9. Tiene, pues, razón San Agustín cuando dice: que para conseguir la gloria eterna del Paraíso, deberíamos abrazar voluntariamente un trabajo eterno: Pro æterna requie æternus labor subcundus esset. David dice, que el Señor, por poca cosa, os hará salvos. Pro nihilo salvos facies illos. (Psal. LV, 8) Poco han hecho, en efecto los santos para conseguir el Paraíso: poco tantos reyes que han renunciado a sus reinos para  encerrarse en la estrechez de un un claustro: poco tantos anacoretas que han ido a sepultarse en una gruta; poco tantos mártires que han sufrido los tormentos, las uñas de hierro y las láminas candentes: Non sunt sondignæ passiones hujus temporis ad futuram gloriam (Rom. VIII, 18) ¿Que vale todo esto, comparado con aquél mar de etrnos goces, en que ha de permanecer eternamente el bienaventurado?

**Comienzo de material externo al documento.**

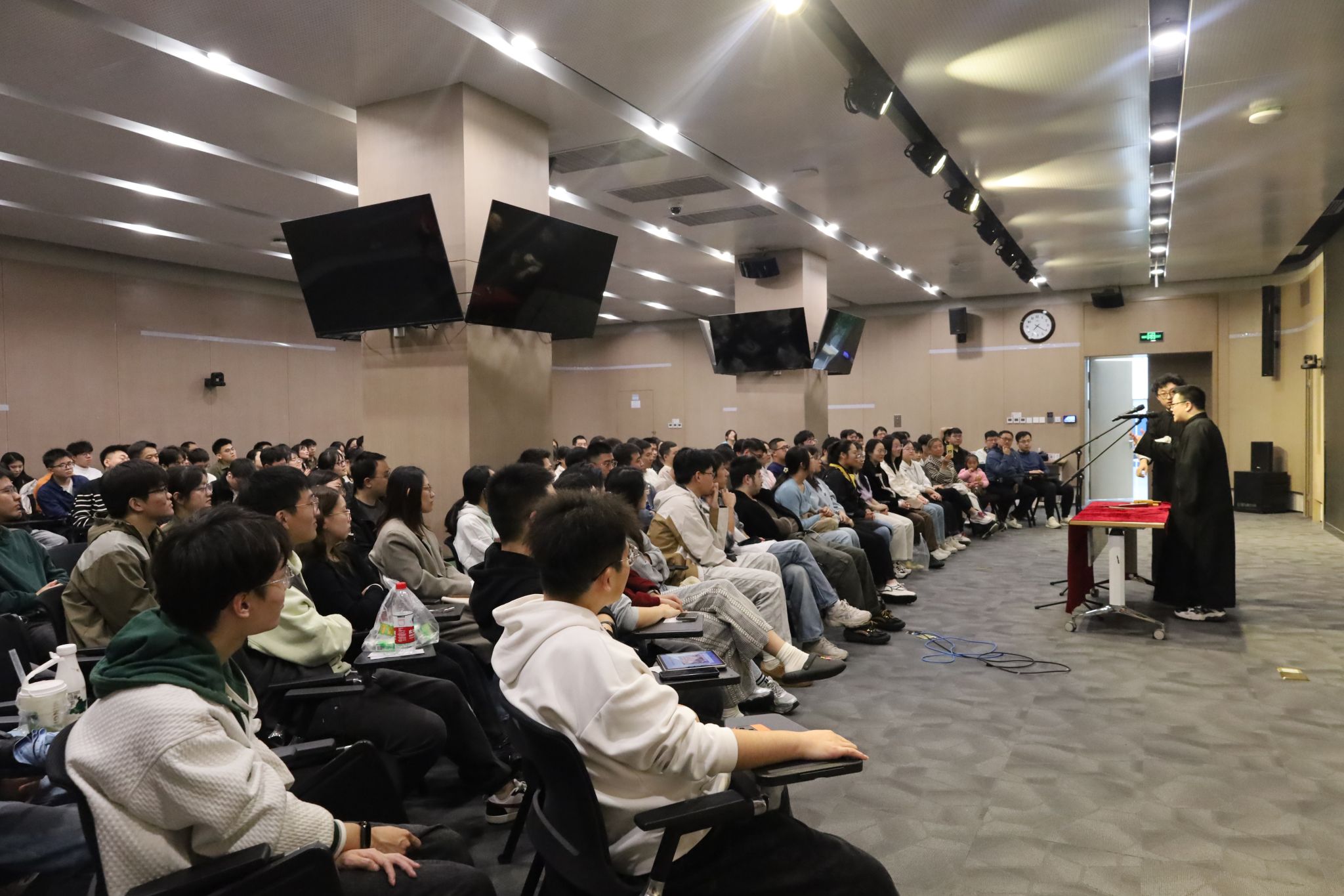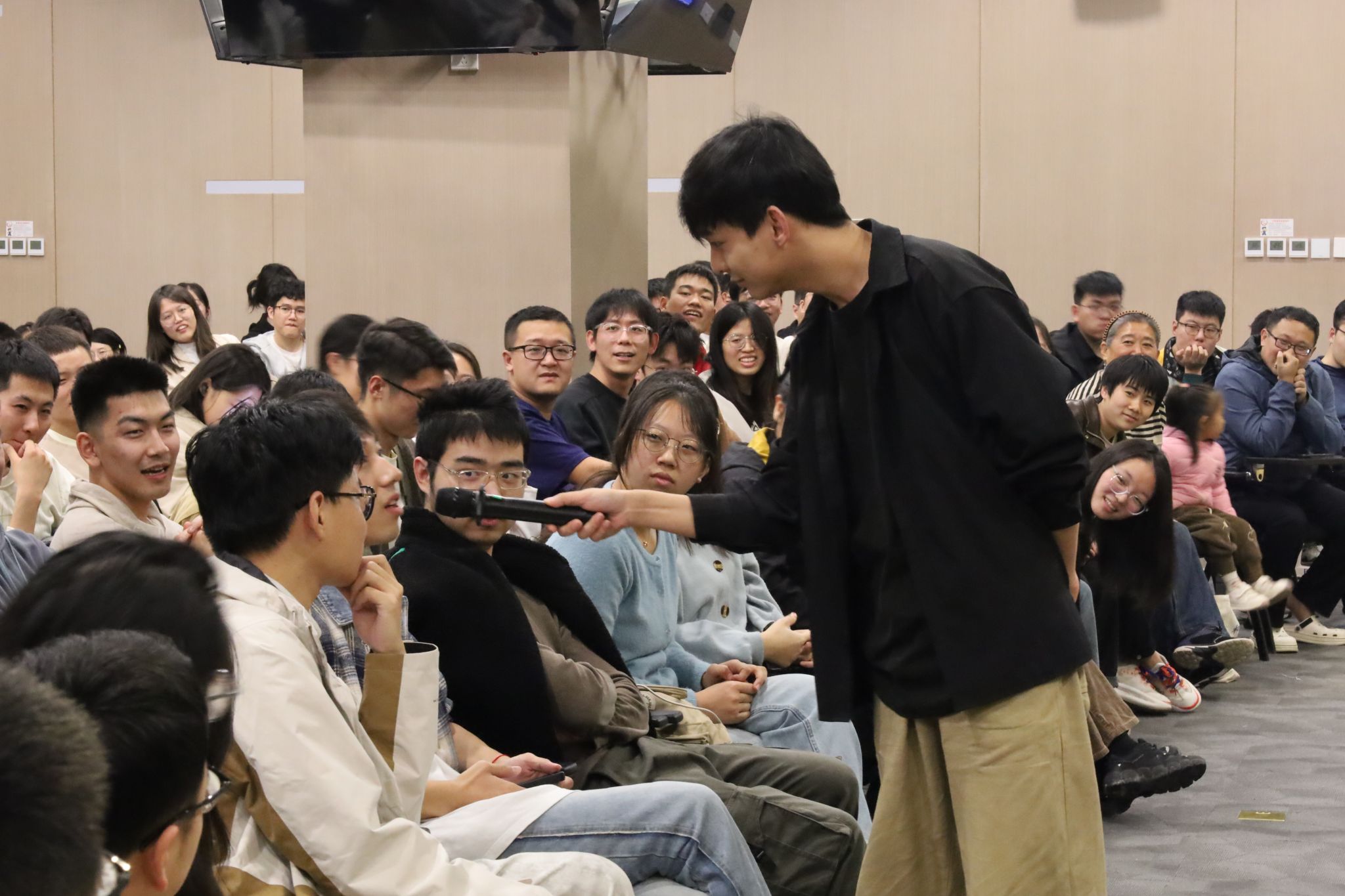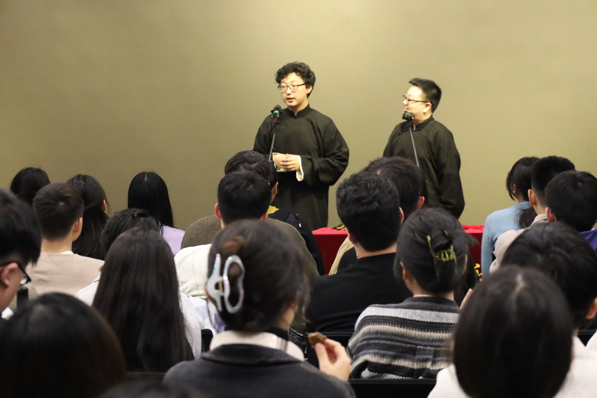 (通讯员 于天玮)把烦恼团成线团,用欢乐重新编织,如约而至的笑声驱散了不期而遇的秋思。10月26日,mjm世界杯官网于北校区会议中心104成功举办“物忧物虑”喜剧专场演出。公司特邀美加墨世界杯官网介四相声社、西安交通大学博雅曲艺社、西安马上喜剧,为北校区师生带来了一个难忘的欢乐夜晚。演出现场起满座满、掌声笑声不断,共吸引250余名研究生师生前来观看。
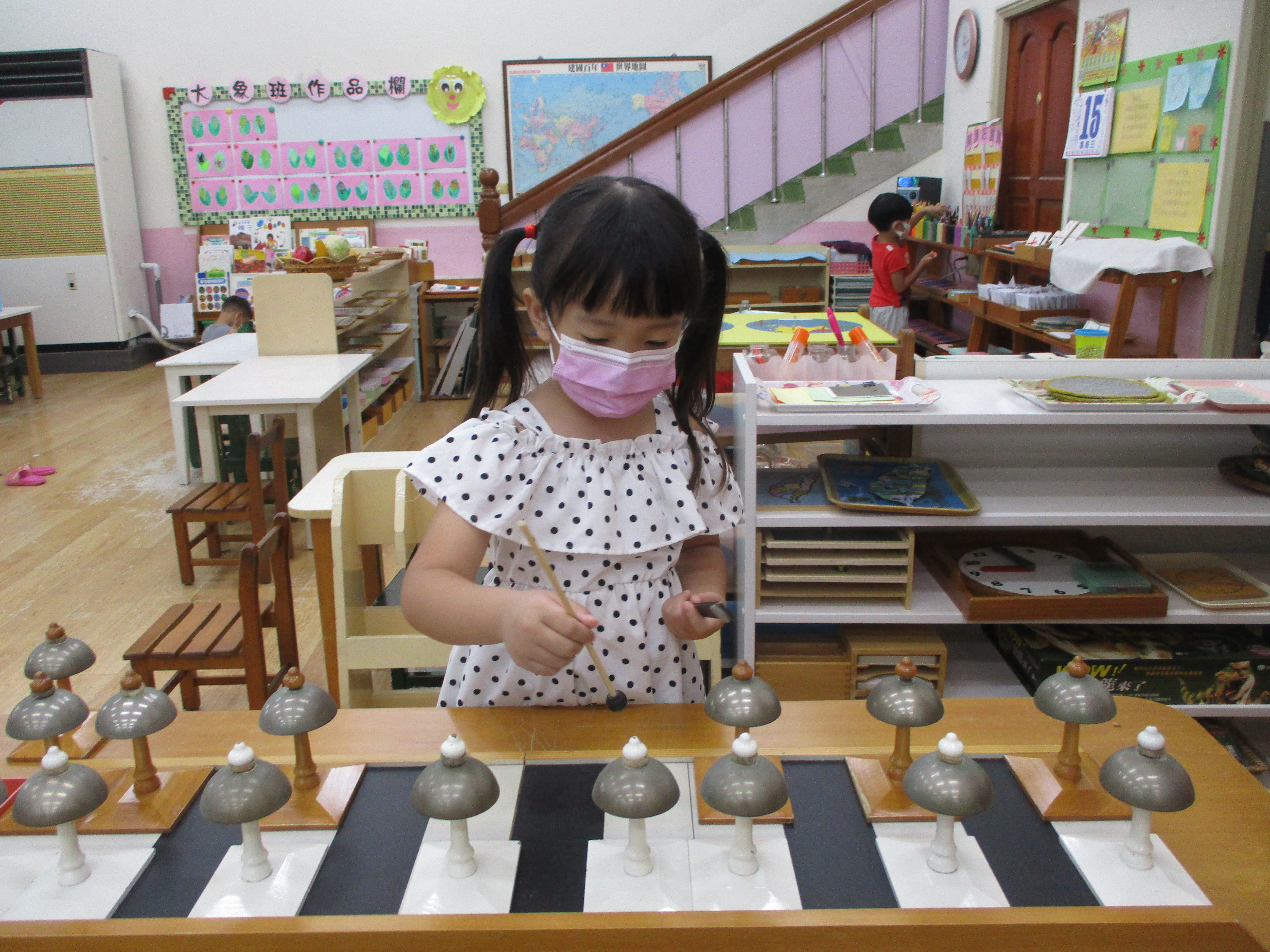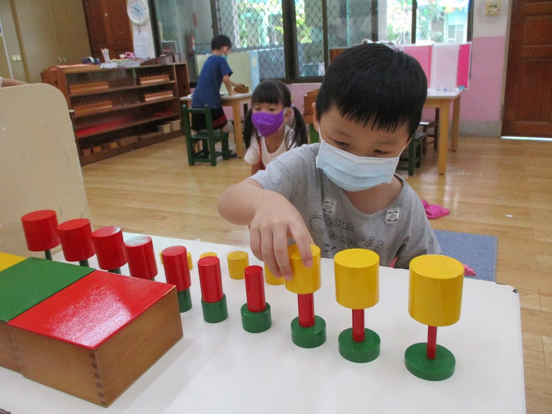 人類憑著感官來認知世界,蒙特梭利女士設計的感官教具都各自擁有不同的特質,例如:大小、顏色、重量、材質、形狀、味道或聲音,透過孩子親身的探索,發展了視、聽、嗅、味、觸的感覺器官,累積出對環境中事物特徵與特質的概念,並且由於感官知覺的不斷經驗,提高了孩子對外在環境的敏銳觀察力。

10. Animémonos, pues, hermanos míos, para sufrir con paciencia cuanto nos toque padecer en este breve plazo de vida que nos resta; porque todo es poco, y aún nada si se compara con la gloria del Paraíso. Todas las penas, dolores y persecuciones de la tierra tendrán fin un día, y se nos convertirán, si nos salvamos, en gozo eterno. Tristitia vestra vertetur in gaudium (Joann. XVI, 20). Cuando nos afligen los dolores de esta vida, levantemos los ojos al Cielo, y consolémonos con la esperanza del Paraíso. Preguntada al tiempo de morir Santa María Egipciaca, por el abad San Zossimo, cómo había podido vivir cuarenta y siete años en aquél desierto respondió: «Con la esperanza del Paraíso». Con ella no sentiremos tampoco las tribulaciones de esta vida. Valor y perseverancia, oyentes míos; amando a Dios, conseguiremos el Paraíso: allí nos esperan los Santos, allí nos espera María, allí nos espera Jesucristo, que está con la corona en la mano para coronarnos reyes de aquél reino que no ha de tener fin.